Mercury is toxic to the human nervous system. Chronic breathing of mercury vapors can cause a range of physical symptoms, including inability to coordinate body movement and impairment of hearing, speech and vision. Exposure to mercury in other forms can lead to skin rashes and kidney damage.

Elemental mercury that is released to the environment can be deposited into lakes, rivers, and the oceans where a biological process takes place in which the mercury is converted into methylmercury, a highly toxic organic form of mercury. The methylmercury is then consumed by various animals in the food chain where it bioaccumulates, concentrating to higher and higher levels in larger animals. Consumption of larger mammals could cause elevated levels of methylmercury in humans, resulting in neurological damage to unborn children. According to estimates by the National Wildlife Federation, 85,000 U.S. women of childbearing age in a given year are exposed to elevated methylmercury levels sufficient to affect the brain development of their babies.

 

Although there is a fairly effective organization for safe recycling of commercial fluorescent lights by major users, few resources are available for household users. The responsibility for safe disposal of these toxic products falls to local agencies that administer waste collection and disposal. The true cost of CFLs is subsidized by the public, but value is not actually provided. The future liability for improper disposal of these products is assumed by cities with no way to pay for it. The concept of Extended Producer Responsibility makes the manufacturers responsible for the cost of safe disposal or recycling rather than the public.

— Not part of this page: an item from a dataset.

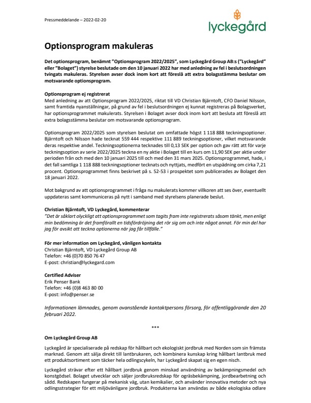 Det optionsprogram, benämnt ”Optionsprogram 2022/2025”, som Lyckegård Group AB:s (”Lyckegård” eller ”Bolaget”) styrelse beslutade om den 10 januari 2022 har med anledning av fel i beslutsordningen tvingats makuleras. Styrelsen avser dock inom kort att föreslå att extra bolagsstämma beslutar om motsvarande optionsprogram.

Proposed California legislation on this subject has been routinely beaten back by industry lobbyists the last couple of years, but the League of California Cities is trying to change that.

 

For lots of information on this subject, visit http://www.caproductstewardship.org/ and http://www.almr.org/. Heidi Sanborn of the California Product Stewardship Council and Paul Abernathy of the Association f lighting and Mercury Recyclers gave presentations today and answered questions.

 

The Environmental Quality Policy Committee ultimately adopted language that strengthened and encouraged Extended Producer Responsibility.